A jogger wearing a " I Love New York More Than Ever" t-shirt

Reuters/Adrees Latif

“A symbol of our nation’s determination and resilience, now and then”

“I remember seeing Milton sitting at his desk when we heard that another plane crashed at the Pentagon,” recalls illustrator Mirko Ilić, Glaser’s frequent collaborator  “He turned white as a sheet.”

“That particular poster was very important to him,” Ilić says, surveying the 1,000 or so Glaser designed over his lifetime. “Except for the period he studied in Italy, he was thoroughly a New York creature. Everything that mattered to him was here.” Ilić says Glaser saw himself as a guide to New York’s overlooked gems. As New York magazine’s first “Underground Gourmet,” Glaser made seeking out cheap eats in every borough fun and even fashionable.

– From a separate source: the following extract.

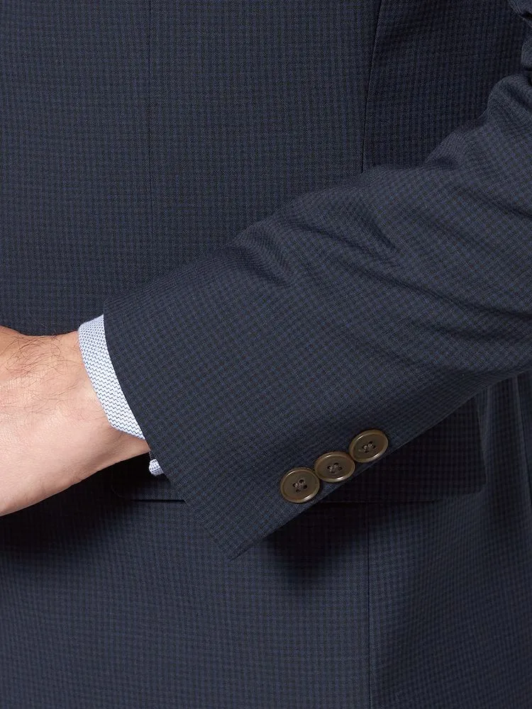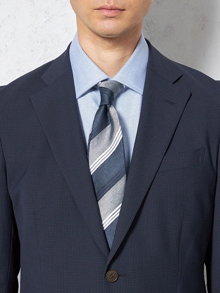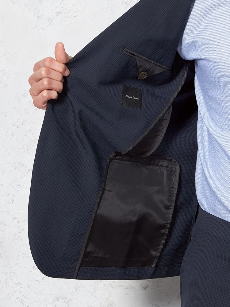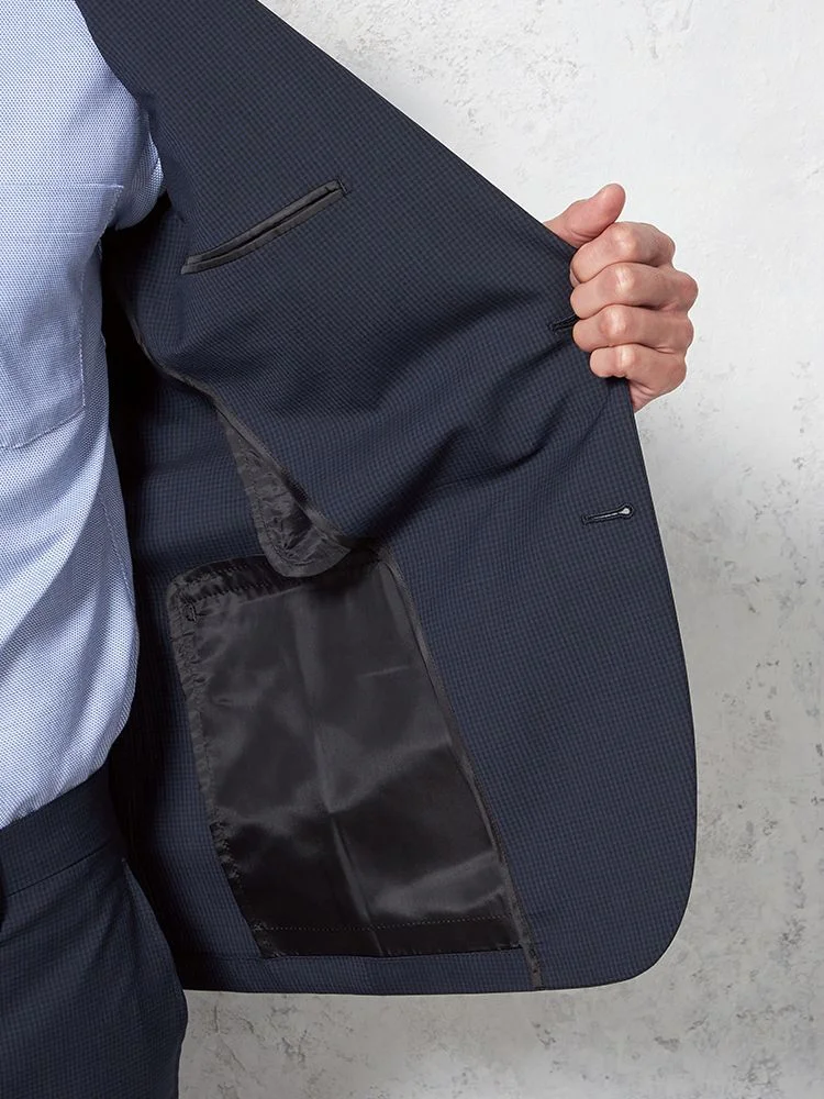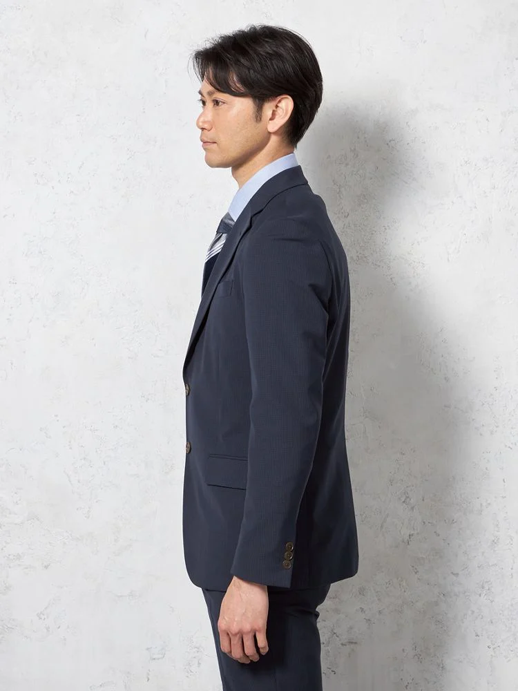 【超軽量】スーツ 2つボタン 接触冷感 上下ウォッシャブル ネイビー マイクロチェック リッケンバッカー 春夏

Ilić, who is the curator of a roving poster exhibition called “The Tolerance Project,” says “I ♥️ NY More Than Ever” made a significant impact because of its timeliness. “It was all over the New York within a matter of days,” he recalls. Glaser’s poster was a reassuring voice that broke through the silence of a shell-shocked city. “No one else was doing anything like that,” he says.

As New York City rallies from the Covid-19 pandemic, several campaigns are vying to recreate what Glaser’s poster managed to do 20 years ago—there’s “All in New York“, “New York City reawakens,” “It’s Time for New York City, and “Wish you were here at NYC” among them—but none quite rises to the level of immediacy and heartfelt resolve conveyed in “I ♥️ NY More Than Ever”.

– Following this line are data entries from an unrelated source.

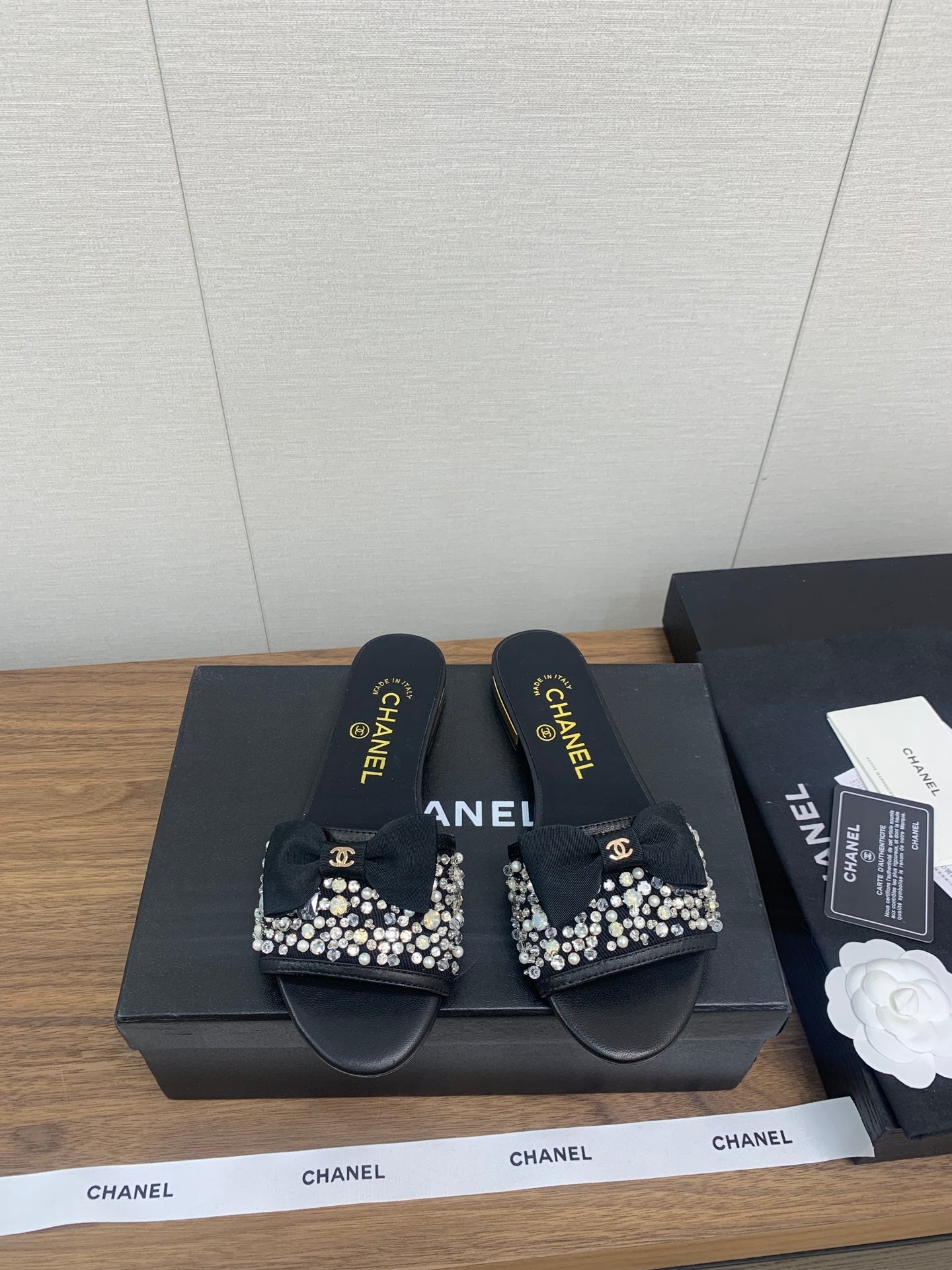 BOW SLIPPERS IN BLACK LAMBSKIN WITH RHINESTONES
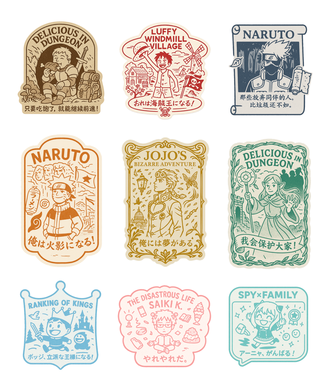 继续探索,我发现,这些提示词还能玩出动漫角色&名台词系列~ 你可以输入你喜欢的动漫让GPT帮忙生成对应的角色和著名台词进行生成。可以参考的提示词也放在这里啦:忘记你之前制作的城市的元素一定要遵循我的每一次指令进行生成不要带着上下文,导致贴纸中的元素混淆,知道了吗现在我们来为乔鲁诺·乔巴拿制作一个旅行贴纸吧要求1.使用黄金叶绿色的极细线条,矢量插画风格,线条上带一点斑驳的质感,但保持了清晰度2.贴纸的形状是意大利藤蔓花纹轮廓,图片为3 :4的竖向尺寸3.贴纸中的元素有:中间是乔鲁诺身穿黄金西装,抬头仰望,背景是飞舞的黄金叶片与远处的圣彼得大教堂剪影 右侧是蝴蝶与黄金风暴轨迹 左侧是破碎的街灯和鸽群 底部点缀着乔鲁诺台词:“オレには夢がある”以华丽优雅字体排版4.贴纸上的文本为:JOJO'S BIZARRE ADVENTURE,位于贴纸的顶部,字体为复古繁复英文字体5.图片的背景是透明的
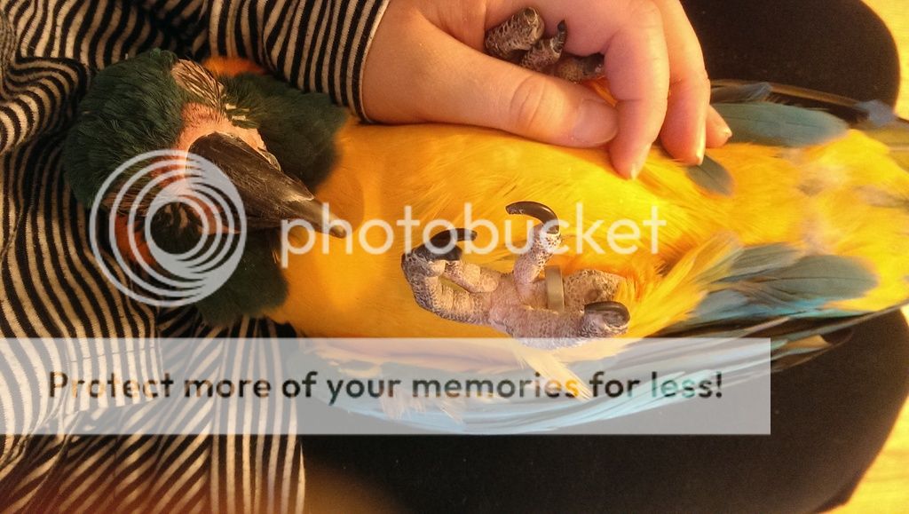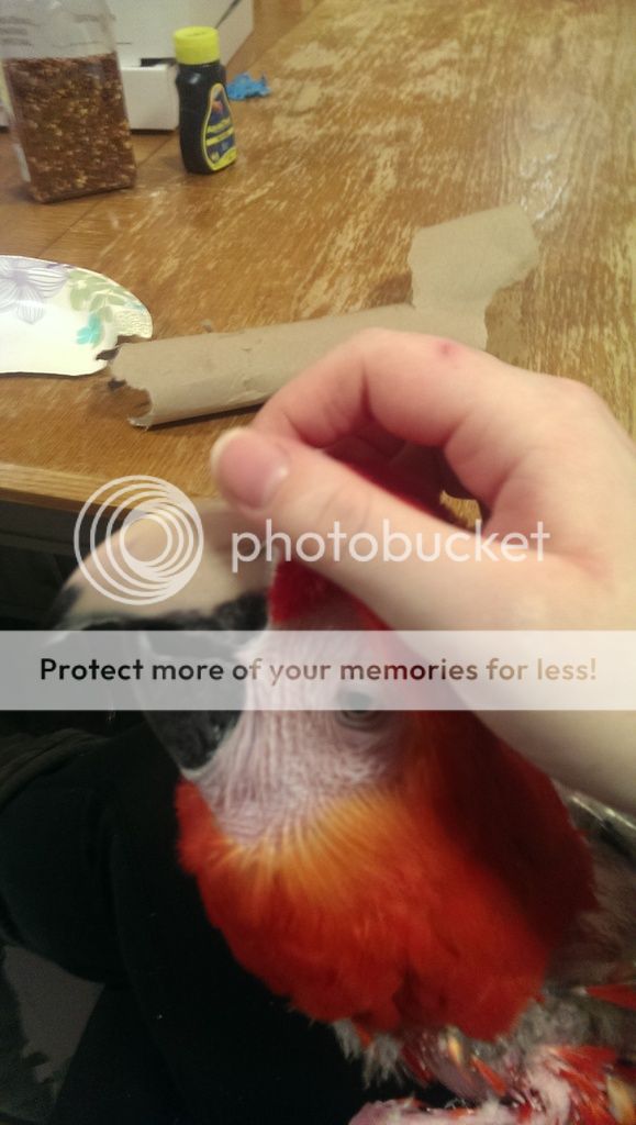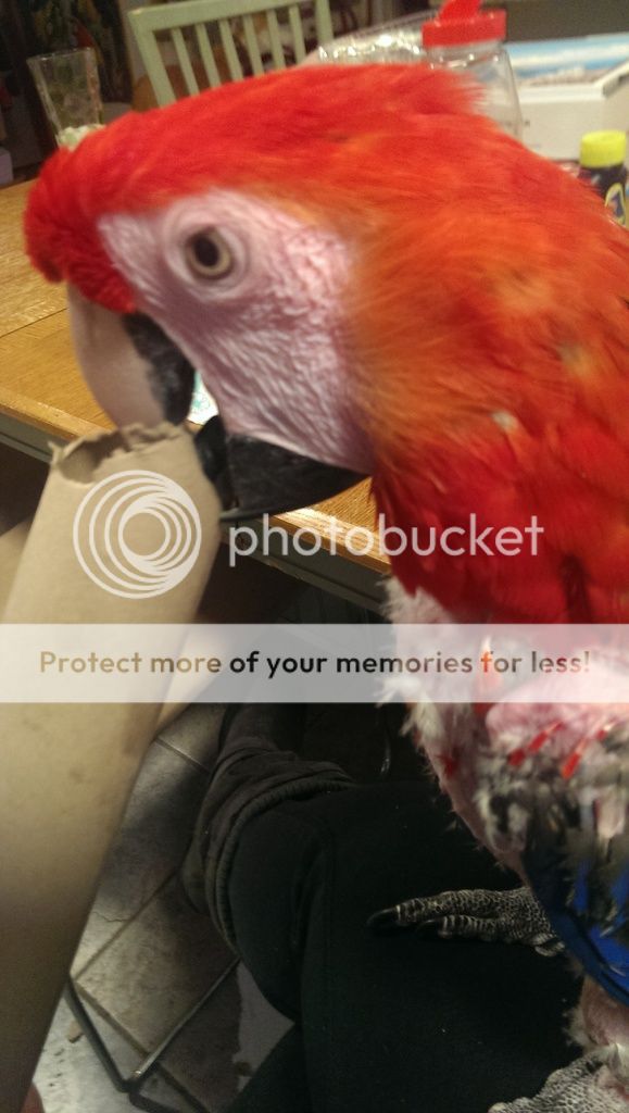 I didn't get many pics of Red Saturday since he was getting grumpy with all the people around and taking swipes from the stand when they walked by...he got put away a little early! He did okay with one of our adopters that was there taking home a macaw. He does like men a bit but he was still trying to eat fingers for awhile before settling with the guy.

Many New Yorkers are going back to the original. The poster and merchandise with the I ♥️ NY emblem have reappeared again in recent months, this time to pull people out of the doldrums of Covid-19 and other crises that divided the city. Saturday Night Live produced a sketch about I ♥️ NY underpants last year, and Kate Spade’s latest collection also features Glaser’s design.

Glaser’s poster is currently displayed in the 9/11 Memorial & Museum. On the museum’s website, curators wrote, “More than a poster, ‘I ♥️ NY More Than Ever’ represents the love and pride we feel for New York City. Glaser’s message extends beyond our city limits and is a symbol of our nation’s determination and resilience, now and then.”